#Культура

#Политика

Чем патриотичнее — тем косноязычнее

12.03.2007 | Широковой Софье | № 06 от 19 марта 2007 года

«Заметили ли вы, что чем человек отчаяннее, ревностнее и громче говорит о своем патриотизме, тем в меньшей степени он владеет русским языком?Чем патриотичнее — тем косноязычнее».

Поэт Лев Рубинштейн — Софье Широковой

Как Вы думаете, почему вдруг администрация президента обеспокоилась состоянием русского языка?
Тут возникают очень прозрачные исторические аналогии. Власть даже на моей памяти несколько раз бралась за русский язык, и по историческому опыту нашей страны всегда получалось так, что делала она это непосредственно перед тем, как рухнуть и исчезнуть. Незадолго до смерти Сталина были написаны «Марксизм и вопросы языкознания». Была знаменитая хрущевская реформа, над которой все издевались, где предполагалось писать «заец» и «огурци», примерно за полгода до смещения Хрущева.
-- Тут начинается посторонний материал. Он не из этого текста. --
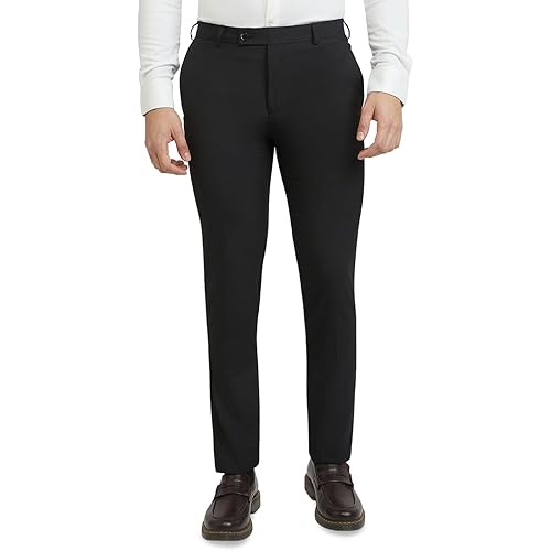 Raymond Men Slim Fit Solid Pattern Poly Viscose Blend Flat Front Formal Trouser
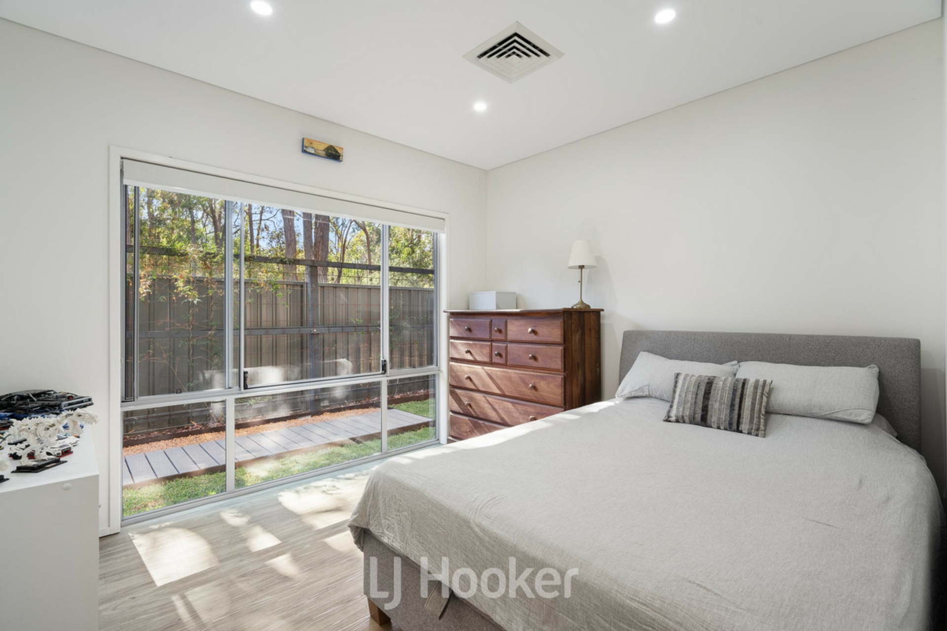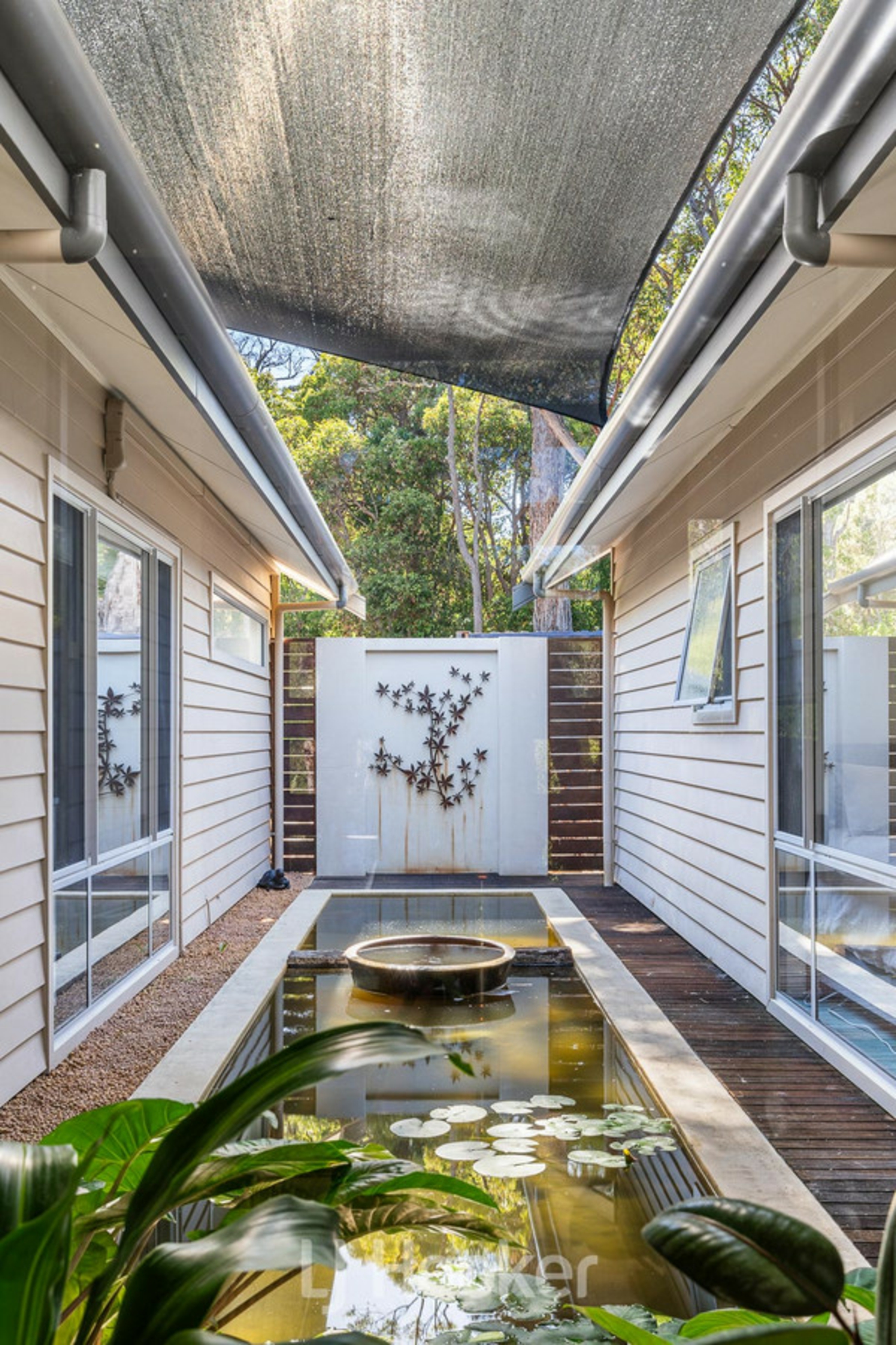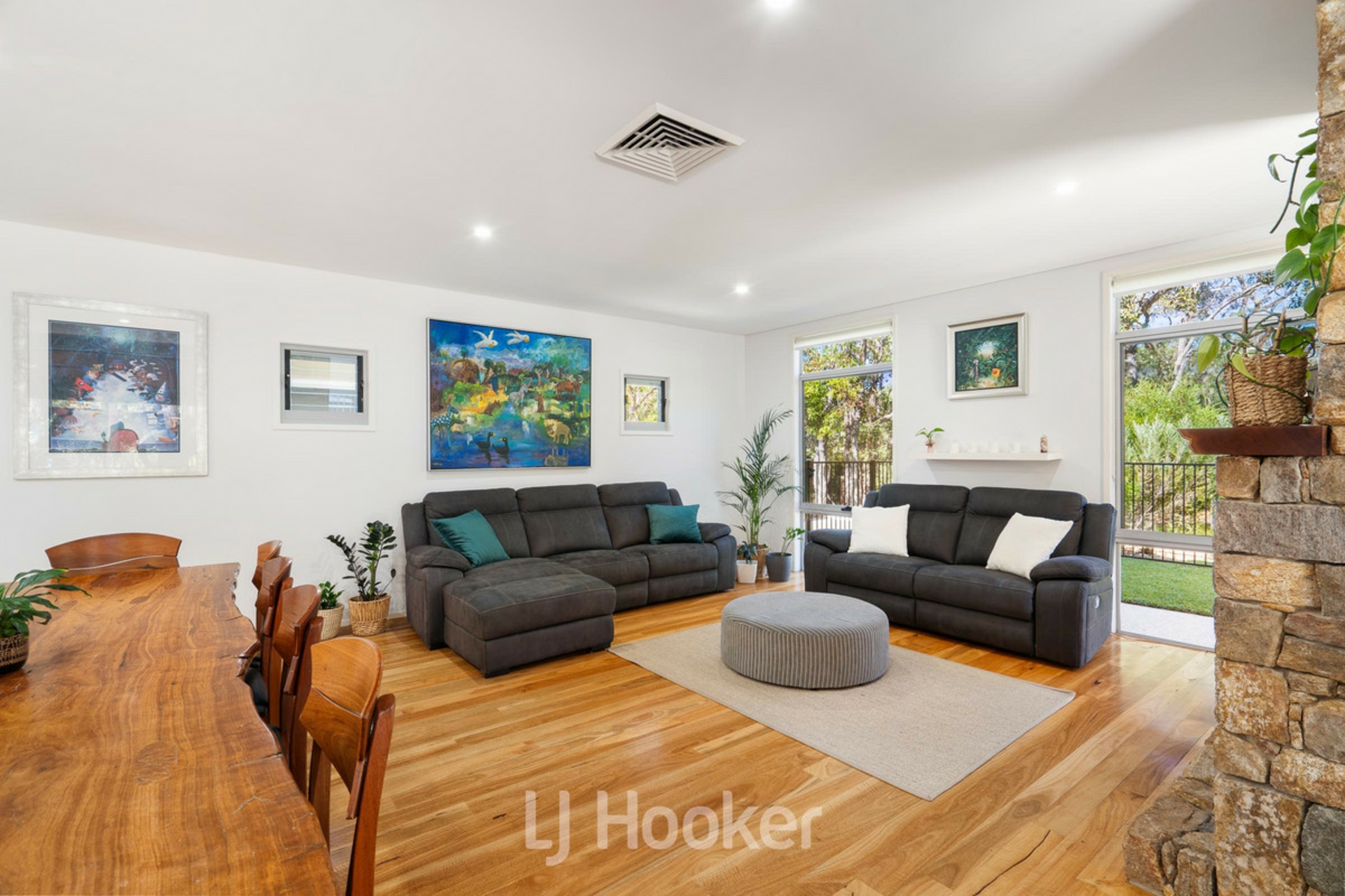 The expansive open-plan living area overlooks the stunning below ground pool and lush native outlook, complemented by thoughtfully positioned garden lighting, resulting in a spectacular evening ambience.

Если не ошибаюсь, где-то году в 90-м тоже замаячили какие-то идеи о создании комиссий и комитетов по усовершенствованию норм и правил языка. После этого наступил 91-й год. Но вообще власти действительно время от времени с той или иной степенью бессознательности обращают свои взоры на этот предмет. Видимо, не столько понимая, сколько чуя, что язык, особенно язык нашей логоцентричной страны, это власть и есть. Кто владеет языком, тот, в общем-то, и главный. Но мы при этом видим, как именно сама власть этим языком владеет, и всегда над этим смеемся, потому что на самом деле языком владеет не власть, а совершенно другие люди — вот мы с вами, например. Но власти очень хочется оседлать язык. Ведь язык — это, вообще-то говоря, была у нас единственная зона свободы. Поэтому так маниакально пытаются этот язык объездить и приспособить к собственным нуждам.

Можно сказать, что сейчас язык подменяет собой национальную идею?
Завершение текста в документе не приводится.